Sunday, May 29, 2016

My 100-year-old self, a pig’s heart and my grandson


My 100th Birthday celebration will take place about mid-century.  You’re all invited. It won’t be easy to reach that age.  My Dad passed away a few years shy of his 90th.  But, I figure 100 is within reach with the help of a handful of highly skilled people and a lot of technology.

There’s a history of heart disease in my family.  So, I might have a new heart by then – one grown using my stem cells inside a pig or perhaps printed in a 3D printer. 

I may need the help of a home health aid, a robot that first analyzes what pharmaceuticals I need each day by means of a transdermal scan.  It will mix my drug cocktail of the day and administer it through a patch.  

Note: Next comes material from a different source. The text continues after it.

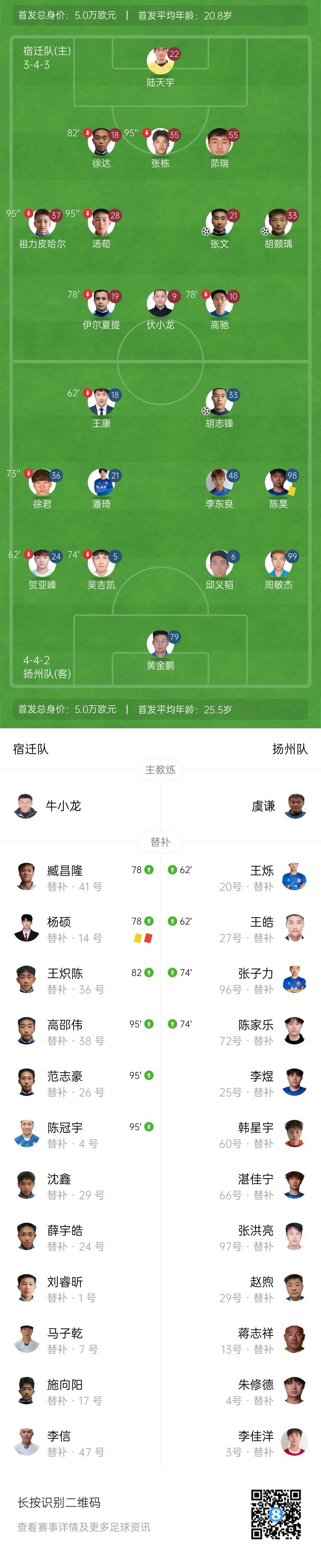 第20分钟,宿迁队左路传中,张文门前抢点头球攻门入网,宿迁1-0扬州!↓

My medication will keep my energy up and an artificial limb may keep me physically able.  I won’t be old and frail – just old.  And, that’s a good thing because my financial planner projected I would have been gone long before my 95th birthday.  So, I’ll have to work. 

My commute will be comfortable.  A self-driving electric car dispatched directly to my home will pick me up.  Its batteries will be constantly recharged by a system embedded in our highways.  This service will be provided by one of the big three integrated transportation service companies – GM, Uber and Delta (nee Delta Airlines).  I won’t own a car and won’t care which of these companies takes me to work.  I’ll likely choose the one with the best rewards program.


Of course, all this assumes I can keep my skills up to date.  Lots of jobs will be gone by then.  Those wanting to work will have to be either smarter or cheaper than machines enabled by embedded sensors and big data analytics. 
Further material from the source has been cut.